Overall, the Oracle GraalVM JIT compiler proved to be the fastest of the compilers tested, showing a significant performance advantage over the C2 JIT compiler, ranging from 23% on x86_64 to 17% on arm64. These gains are due to optimisations of the former Enterprise Edition, such as improved partial escape analysis and more aggressive inlining strategies.
Interestingly, while the results of the C2 JIT and GraalVM CE JIT compilers averaged similar, they differed significantly in terms of specific capabilities.
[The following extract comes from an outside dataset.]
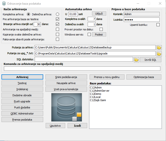 Kod pojedinih operacija prikazane su putanje koje su podešene u ostalim prozorima programa za održavanje baza (putanja za arhiviranje, upgrade, optimizaciju i eksport DSN-ova). Ako neka od ovih putanja ne postoji (nije podešena) odgovarajuća operacija ne može se izvršiti.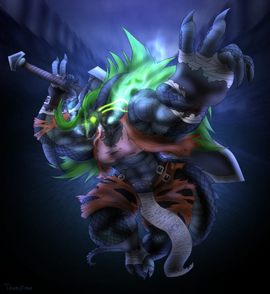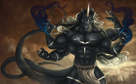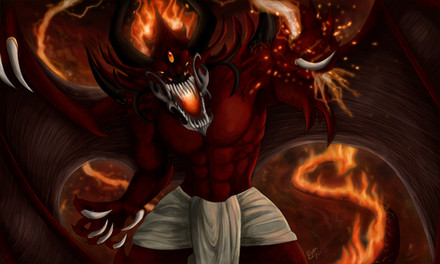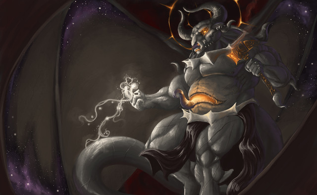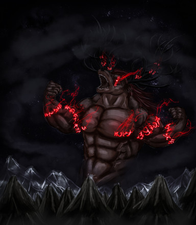 #bear #demon #fantasy #horns #magic #muscular #tail #anthro #chains #clouds #digitalpainting #mountains #painting #underworld

C2 offers advanced support for intrinsics (embedded functions specifically handled by the processor) and vectorisation (processing data in blocks instead of one at a time), and better exception management than GraalVM CE JIT, but has limitations in inlining heuristics (inserting the content of a function in place of its call), devirtualisation (optimising method calls in objects) of complex calls and, in rare cases, may fail to compile, resulting in the use of less optimal execution paths (such as stopping compilation at C1 or even interpreted code level).
As I mentioned, the text is very comprehensive, so if you are curious (and have the patience), you can check out the individual results. I'll probably use it more than once, and it will serve me as a detailed (really detailed) source of information on the strengths and weaknesses of various JIT compilers. Of course, as is usual in this type of publication, the article ends with a reminder that while the Oracle GraalVM JIT compiler does indeed lead the way in terms of performance, the choice of JVM distribution should not be based solely on micro-benchmark results - there's one thing you can't hide: in 2024, GraalVM has a really good run.